Ninguém poderia imaginar o verdadeiro motivo do desaparecimento do Papa Victor III. No entanto, posteriormente ele ficou conhecido como "o papa judeu".

Infantil

No ano de 1086, após o trono do Vaticano ficar vago, um novo papa foi nomeado: Victor III. Ninguém sabia nada sobre seu passado. Depois de dois anos, ele desapareceu misteriosamente. Acredita-se que ele foi chamado de “o papa judeu”, de acordo com a seguinte história:

Às margens do rio Reno havia uma cidade repleta de sábios e escribas judeus chamada Mainz. Lá viveu um grande rabino poeta chamado Rabênu Shim’on Hagadol, que descendia da família de David Hamêlech.

Certa vez, o rabino estava sentado em seu quarto, absorto nos poemas que escrevia com sua pena, quando entrou no quarto seu filhinho Elchanan. O menino, de quase quatro anos, aproximou-se da mesa ao lado do pai e olhou para as folhas que continham o poema.

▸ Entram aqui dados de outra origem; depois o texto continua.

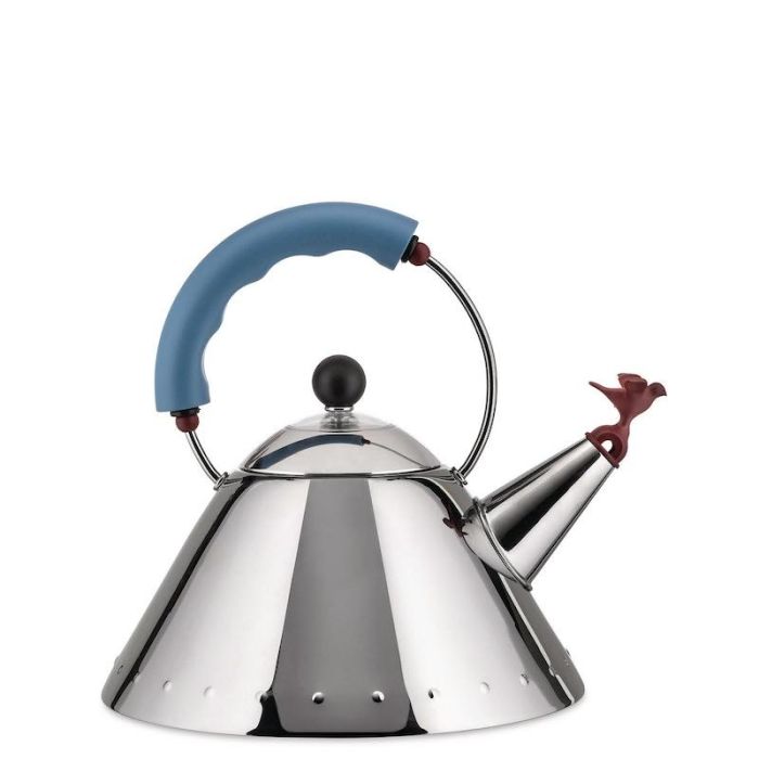 Bollitore con Uccellino ALESSI manico Azzurro. Iconico Bollitore per acqua in acciaio inossidabile lucido adatto a tutte le fonti di calore compreso l'induzione. Made in Italy.

- Pai! - Disse o menino feliz. - Veja só! Você escreveu aqui o meu nome!

- Sim, meu filho - respondeu o pai seriamente. - Este poema começa com as palavras “El chanan nachalatô”. As primeiras duas palavras formam o seu nome: “Elchanan”. O poema explica que Hashem é piedoso; e quando um filho de Israel se afasta do serviço Divino, D’us nos livre, Ele o reaproxima com Sua piedade e o faz voltar em teshuvá.

Uma lágrima apareceu nos olhos escuros e profundos de Elchanan, que disse: “Eu nunca vou me afastar de Hashem”. Antes de sair do quarto, ficou repetindo algumas vezes as três palavras iniciais do comovente poema: “El chanan nachalatô”.

Depois de alguns dias, o pequeno Elchanan adoeceu, teve febre alta e ficou inconsciente por vários dias. Porém, de vez em quando, sua boca murmurava “El chanan nachalatô”. E então um sorriso despontava em seus lábios ardentes de febre.

Seus pais derramavam lágrimas pedindo para Hashem que curasse seu filho querido. A empregada católica também chorava. Ela estava muito chateada, pois talvez Elchanan morresse sem que ela concretizasse o seu sonho de levá-lo para a fé cristã. Então, ela decidiu que aproveitaria a primeira oportunidade para levá-lo para um convento, sem que ninguém soubesse, para ser educado como um cristão.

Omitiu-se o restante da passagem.